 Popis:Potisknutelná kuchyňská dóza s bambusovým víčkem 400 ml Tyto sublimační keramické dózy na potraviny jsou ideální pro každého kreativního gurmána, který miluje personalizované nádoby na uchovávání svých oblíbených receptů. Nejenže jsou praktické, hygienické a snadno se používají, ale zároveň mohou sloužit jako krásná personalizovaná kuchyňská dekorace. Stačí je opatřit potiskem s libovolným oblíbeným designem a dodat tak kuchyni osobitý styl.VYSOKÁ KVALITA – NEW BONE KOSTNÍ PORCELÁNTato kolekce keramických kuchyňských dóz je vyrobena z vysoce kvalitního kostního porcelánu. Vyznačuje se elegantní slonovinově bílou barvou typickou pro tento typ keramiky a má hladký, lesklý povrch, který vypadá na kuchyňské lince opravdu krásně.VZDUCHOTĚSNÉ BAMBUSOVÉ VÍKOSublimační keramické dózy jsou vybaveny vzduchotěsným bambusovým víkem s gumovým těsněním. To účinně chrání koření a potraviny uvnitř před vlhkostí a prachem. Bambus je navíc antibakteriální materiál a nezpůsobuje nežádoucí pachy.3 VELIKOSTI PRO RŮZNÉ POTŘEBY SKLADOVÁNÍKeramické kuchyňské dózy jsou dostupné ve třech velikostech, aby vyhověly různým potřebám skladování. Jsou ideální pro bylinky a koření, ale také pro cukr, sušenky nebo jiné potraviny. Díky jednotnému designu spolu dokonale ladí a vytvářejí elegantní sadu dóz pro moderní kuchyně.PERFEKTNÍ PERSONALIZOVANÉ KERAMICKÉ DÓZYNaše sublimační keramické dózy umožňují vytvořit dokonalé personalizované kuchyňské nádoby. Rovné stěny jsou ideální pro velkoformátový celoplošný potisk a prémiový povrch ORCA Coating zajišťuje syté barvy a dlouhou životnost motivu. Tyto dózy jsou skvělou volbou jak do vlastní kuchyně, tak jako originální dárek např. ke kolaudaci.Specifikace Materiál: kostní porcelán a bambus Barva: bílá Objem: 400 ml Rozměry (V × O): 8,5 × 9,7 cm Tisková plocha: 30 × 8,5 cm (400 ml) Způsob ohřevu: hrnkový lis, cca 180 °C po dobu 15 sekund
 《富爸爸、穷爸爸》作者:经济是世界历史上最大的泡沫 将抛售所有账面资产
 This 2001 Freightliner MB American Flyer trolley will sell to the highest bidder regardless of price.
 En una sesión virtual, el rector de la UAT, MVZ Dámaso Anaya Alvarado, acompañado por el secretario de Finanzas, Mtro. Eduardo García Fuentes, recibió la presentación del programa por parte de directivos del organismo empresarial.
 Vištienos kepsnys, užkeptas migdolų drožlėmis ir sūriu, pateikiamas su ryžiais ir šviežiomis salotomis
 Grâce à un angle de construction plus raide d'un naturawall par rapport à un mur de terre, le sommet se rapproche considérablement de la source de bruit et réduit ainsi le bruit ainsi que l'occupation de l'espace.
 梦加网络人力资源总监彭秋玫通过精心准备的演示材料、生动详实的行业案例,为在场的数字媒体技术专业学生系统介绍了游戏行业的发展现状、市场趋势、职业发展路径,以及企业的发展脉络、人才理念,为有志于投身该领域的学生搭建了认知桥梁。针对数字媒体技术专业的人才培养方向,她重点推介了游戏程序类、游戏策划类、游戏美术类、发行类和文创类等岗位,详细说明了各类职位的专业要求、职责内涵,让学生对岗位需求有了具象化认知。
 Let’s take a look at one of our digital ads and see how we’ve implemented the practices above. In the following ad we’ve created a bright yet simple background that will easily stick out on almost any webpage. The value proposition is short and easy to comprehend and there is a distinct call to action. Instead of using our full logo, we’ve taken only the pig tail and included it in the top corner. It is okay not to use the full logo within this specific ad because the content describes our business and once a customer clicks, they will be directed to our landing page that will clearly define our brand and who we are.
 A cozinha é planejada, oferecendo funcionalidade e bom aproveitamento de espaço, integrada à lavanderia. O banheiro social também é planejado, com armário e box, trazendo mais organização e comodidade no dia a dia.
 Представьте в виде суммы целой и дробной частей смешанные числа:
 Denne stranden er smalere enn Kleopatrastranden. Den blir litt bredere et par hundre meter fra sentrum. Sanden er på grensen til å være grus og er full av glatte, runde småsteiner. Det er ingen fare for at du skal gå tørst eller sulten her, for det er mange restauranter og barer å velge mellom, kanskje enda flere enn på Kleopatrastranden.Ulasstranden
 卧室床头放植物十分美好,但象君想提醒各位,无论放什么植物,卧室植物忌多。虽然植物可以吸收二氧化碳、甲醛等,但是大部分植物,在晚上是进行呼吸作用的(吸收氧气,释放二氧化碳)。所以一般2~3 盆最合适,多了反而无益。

EXERCISE DETAILS:
An exact copy of the lines from the one with "Представьте в виде" to the final line of the entries is all that the answer should hold.

EXPECTED ANSWER:
 Представьте в виде суммы целой и дробной частей смешанные числа:
 Denne stranden er smalere enn Kleopatrastranden. Den blir litt bredere et par hundre meter fra sentrum. Sanden er på grensen til å være grus og er full av glatte, runde småsteiner. Det er ingen fare for at du skal gå tørst eller sulten her, for det er mange restauranter og barer å velge mellom, kanskje enda flere enn på Kleopatrastranden.Ulasstranden
 卧室床头放植物十分美好,但象君想提醒各位,无论放什么植物,卧室植物忌多。虽然植物可以吸收二氧化碳、甲醛等,但是大部分植物,在晚上是进行呼吸作用的(吸收氧气,释放二氧化碳)。所以一般2~3 盆最合适,多了反而无益。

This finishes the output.